И все‑таки, хотя мы виделись каждую неделю, я не мог бы сказать, что я его знаю. Возможно, ему казалось, что, если я или кто‑нибудь другой узнает его слишком хорошо, это помешает его внутреннему росту и нынешнее неприметное существование станет свершившимся фактом. Меня пугало то, что он – как мне казалось – был готов полностью раствориться в другом человеке. Я мог легко представить, что, распростившись с мечтой о славе, он превратится в чьего‑нибудь поклонника и спокойно откажется от последних остатков собственной воли. Мне кажется, что я почувствовал это уже во время нашей первой встречи в баре, заметив, с какой подчеркнутой заинтересованностью он кивал тому старику. Он учился быть внимательным. И мне не хотелось становиться главным объектом приложения его умений.

Встречаясь, мы говорили исключительно о внешних вещах: о работе, о любимых и нелюбимых фильмах, пока во время десятой, а может, и пятнадцатой встречи, когда мы, потные, медленно приходили в себя, прижавшись друг к другу, он не сказал:

– Итак, э… кто же ты на самом деле?

– Что?

Его уши вспыхнули. Подозреваю, что это была цитата из какого‑то фильма.

– Я хочу сказать, что, в сущности, я тебя почти не знаю, – пояснил он.

– Я тоже тебя почти не знаю, – сказал я. – Мне известно лишь то, что ты актер, что ты работаешь барменом, что ты хочешь сменить место работы, но почти ничего для этого не делаешь и что тебе нравится фильм «Поля смерти».

– Я вырос в Детройте, – сказал он.

– Я тоже со Среднего Запада.

– Да, я помню. Ты родился в Кливленде.

Помолчав немного, он сказал:

– Любопытно. Мы оба со Среднего Запада. По‑моему, это многое объясняет, тебе не кажется?

– Нет.

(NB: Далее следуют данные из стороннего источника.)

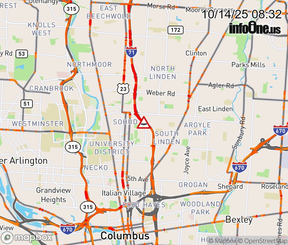 The right shoulder is blocked on I-71 South beyond Hudson St, due to a crash. ![]() |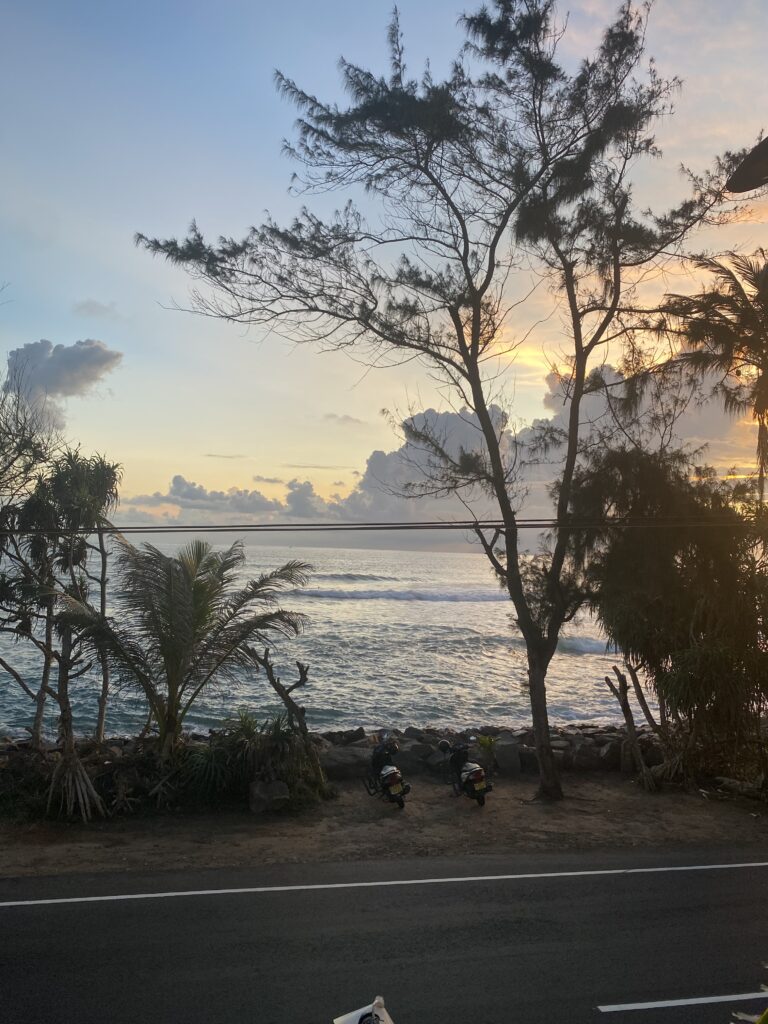 Le Cafe became a morning ritual. After surfing, we perched above the rocks, boards drying nearby, salt still clinging to our skin. Strong coffee arrived first. Breakfast followed. We traded stories of life back home and on the road – Indonesia, Europe, plans half-formed and others already fading. Conversations stretched longer than intended, often requiring several coffees before we finally stood to leave.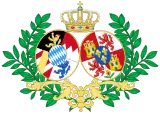 parti en I, écartelé au 1 de sable, au lion d'or, armé et lampassé et couronné de gueules (qui est du comté palatin du Rhin), au 2 Emanché de gueules et d'argent de trois pièces (qui est de Franconie) au 3 bandé d'argent et de gueules au pal d'or brochant sur le tout (qui est de Burgovie), au 4 d'argent au lion d'azur armé lampassé et couronné d'or (qui est de Veldenz) et sur le tout fuselé en bande d'azur et d'argent (qui est de Bavière) ; en II écartelé en 1 et 4, de gueules au château d'or ouvert et ajouré d'azur et en 2 et 3 d'argent au lion de gueules armé, lampassé et couronné d'or, enté en pointe du sur-le-tout d'argent à une pomme grenade de gueules, tigée et feuilleté de sinople sur-le-tout d'azur à trois fleurs de lys d'or à la bordure de gueules, après 1883, d'azur à trois fleurs de lys d'or[Information douteuse]. |

По‑моему, это ничего не объясняет, – ответил я.

Я подумал, что этот разговор – начало конца наших отношений, и, в общем‑то, не слишком расстроился. Прощай, Доктор Филгуд. Позволь мне снова вернуться к себе, воскресить потерянное чувство безграничных возможностей.

После небольшой паузы он сказал:

– Когда‑то я был музыкантом. В детстве. Я обожал музыку. Больше всего на свете. Даже мои сны были музыкой, просто… музыкой.

– Серьезно? На чем ты играл?

– На фортепьяно. На виолончели. Немного на скрипке.

– Ты и сейчас играешь?

– Нет. Никогда. У меня не было настоящего таланта. Способности были, но средние, понимаешь?

– Ясно.

Воцарилось тягостное молчание. Мы лежали, не зная, что сказать дальше. Мы не были ни друзьями, ни влюбленными. У нас не было свободного доступа друг к другу вне секса. Мне казалось, что я ощущаю бремя Эриковой несчастности, как ныряльщик чувствует тяжесть океана, но помочь ему я не мог. Мы расплачивались за то, что начали спать вместе фактически прежде, чем познакомились, – наша близость не была заключительным аккордом дружбы или влюбленности. Я не мог выслушивать признания Эрика – для этого я недостаточно хорошо его знал. Я вспомнил совет Клэр: пользуйся, пока можно.

– Послушай, – начал я. Он приложил палец к губам:

– Шш… Не нужно ничего говорить. Сейчас не самое подходящее время для разговоров.

Он начал поглаживать меня по волосам и покусывать мое плечо.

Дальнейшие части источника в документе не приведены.